Accroître le degré d'importance du dialogue social constitue un objectif supplémentaire. Sans cela, la dimension humaine de la régénération post-crise risque d'être perdue, et l'éducation deviendra le coût de la crise plutôt que la solution clé. Cela aura un impact dévastateur à travers toute la planète. C'est pourquoi il est nécessaire que nous fassions pression sur les gouvernements afin de mettre en place une stratégie claire en vue de sortir de la crise, et que l'éducation fasse partie de la solution. A cet égard, nous devons souligner que toutes les mesures de crise négatives (telles que les réductions budgétaires) doivent être des mesures à court terme et doivent être compensées par un engagement en faveur d'un investissement futur et de la réintégration de salaires intégraux, ou d'une compensation pour les baisses de salaires des enseignants.
Nous devons également établir une politique claire pour ce qui est des valeurs démocratiques véhiculées par l'enseignement public et des responsabilités au sens large des gouvernements envers leurs citoyens les plus jeunes. Si, comme les hommes politiques le disent souvent, les enfants représentent notre futur et constituent l'atout majeur de notre société, pourquoi les gouvernements ont-ils tendance à chercher des moyens toujours moins coûteux pour leur éducation ? La croissance économique de l'ère post-industrielle doit être basée sur l'intellect et la connaissance, et l'accès équitable à l'éducation constitue un élément essentiel de la stabilité sociale.
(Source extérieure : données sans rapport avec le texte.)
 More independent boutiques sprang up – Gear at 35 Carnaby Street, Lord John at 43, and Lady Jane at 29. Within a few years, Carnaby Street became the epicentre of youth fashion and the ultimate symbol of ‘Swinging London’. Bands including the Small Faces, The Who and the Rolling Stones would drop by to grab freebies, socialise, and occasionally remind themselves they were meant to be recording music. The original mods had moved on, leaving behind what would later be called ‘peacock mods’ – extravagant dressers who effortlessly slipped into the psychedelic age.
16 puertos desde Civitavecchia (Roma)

En tant que syndicats, nos objectifs et notre plaidoyer peuvent également s'étendre au delà du simple domaine de l'éducation, en traitant de problèmes tels que la privatisation et le chômage dans d'autres secteurs, dans le cadre du mouvement du service public contre la crise.
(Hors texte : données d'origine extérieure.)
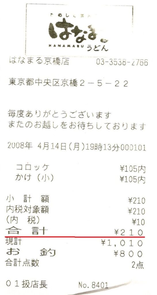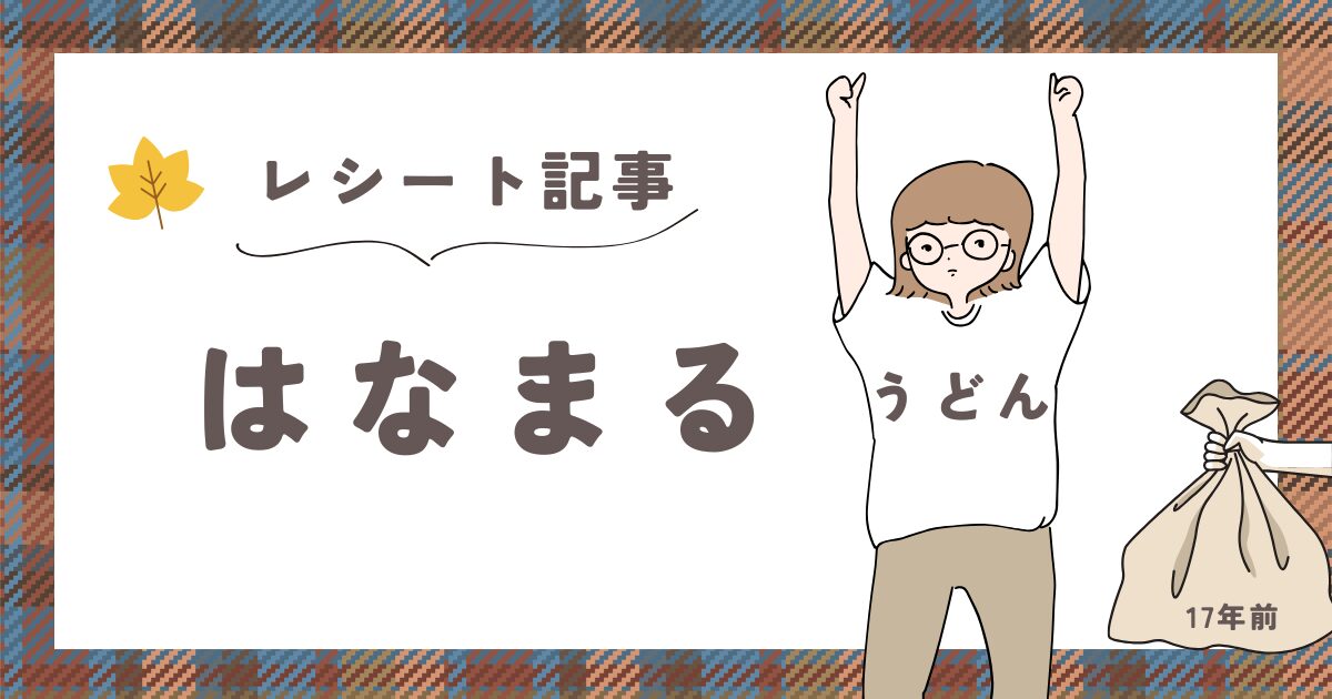 レシート 【レシート】17年前のはなまるうどん みずのーmarkⅡ 2025年12月12日 2026.01.08 お世話になります。みずの-markⅡです。 17年前の『はなまるうどん』のレシートが出てきました。 コロッケ、かけうどん(小)で210円だなんて。 こんな時代もあったねと懐かしくなります。 他にもサイゼリア、マックなど、なつかしい値段が書かれたレシートをアップしますので、よかったらまた見てください。 しかし、ほんとに安いですね。(+_+)

Repensons les différents moyens de négociation !
Repensons la façon dont nous négocions avec nos employeurs. Premièrement, en termes de délai : Nous pouvons négocier en faveur d'une augmentation ou d'une compensation de salaire pouvant prendre effet après la crise, lorsqu'un certain niveau de croissance aura été atteint. Deuxièmement, en termes de collaboration avec d'autres syndicats et syndicats d'enseignants, nous devons présenter un front uni de syndicats et syndicats d'enseignants, de façon que le gouvernement ne puisse pas monter les syndicats les uns contre les autres. Troisièmement, en termes de position d'influence, les dirigeants syndicaux qui sont membres d'organismes officiels au sein d'organes gouvernementaux doivent utiliser leur position pour faire pression. Quatrièmement, en termes d'action industrielle, nous pouvons simplement recourir à la menace d'action industrielle sans nécessairement entrer en grève.
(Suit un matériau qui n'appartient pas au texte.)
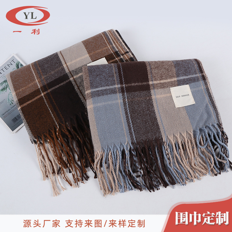 2021秋冬新款时尚英伦格子男士仿羊绒围巾流苏情侣款亲子围脖批发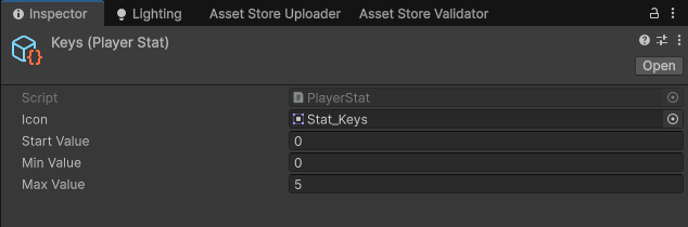 A stat is represented via a ScriptableObject. To create one, right click in the Project window and go Create > Exploration Toolkit > Player Stat. Give the file a name, then you can fill in the properties.

Nous devons découvrir ce que veulent les gouvernements et exposer clairement nos exigences. Dans ce contexte, il est important de connaître les arguments avancés par les gouvernements lors des réductions des budgets publics ou des salaires, et nous devons nous tenir prêts à argumenter contre chacune d'entre elles. Les recherches effectuées sur les questions connexes pourraient se révéler inestimables pour renforcer nos arguments. Sur cette base, en tant que syndicats d'enseignants, nous devons également soumettre des propositions alternatives. Ensuite, il nous appartient de répondre promptement aux changements de situation dans notre pays, étant donné que les développements se produisent généralement d'un jour sur l'autre.
Jouons bien avec les décisionnaires politiques! Pour faire pression, nous devons choisir le moment politique opportun, tel que la période pré-électorale, favorisant l'engagement envers des réformes positives après la période électorale. Nous ne devons pas prendre parti. Plutôt que de former des alliances politiques, il est plus judicieux de demeurer en marge des controverses politiques. Nous devons également être attentifs aux erreurs des gouvernements et les rappeler à l'ordre s'ils tentent d'invoquer la crise comme excuse à leurs erreurs.
Enfin, dans le cadre de nos négociations, il est crucial d'obtenir des résultats contraignants, tels que des accords collectifs ou une législation.
Associons anciennes et nouvelles tactiques !
Dans le cadre de nos tentatives de pression sur les gouvernements, nombreux sont ceux qui ont tenté des mesures qui ont fait leurs preuves. Nous pouvons interagir avec le grand public par le biais des médias en organisant des conférences de presse, en publiant des communiqués et en aidant les élèves, les parents et d'autres alliés à s'exprimer. Nous pouvons obtenir un soutien international, faire systématiquement pression à chaque niveau (local, national) et participer aux grèves de solidarité avec d'autres secteurs.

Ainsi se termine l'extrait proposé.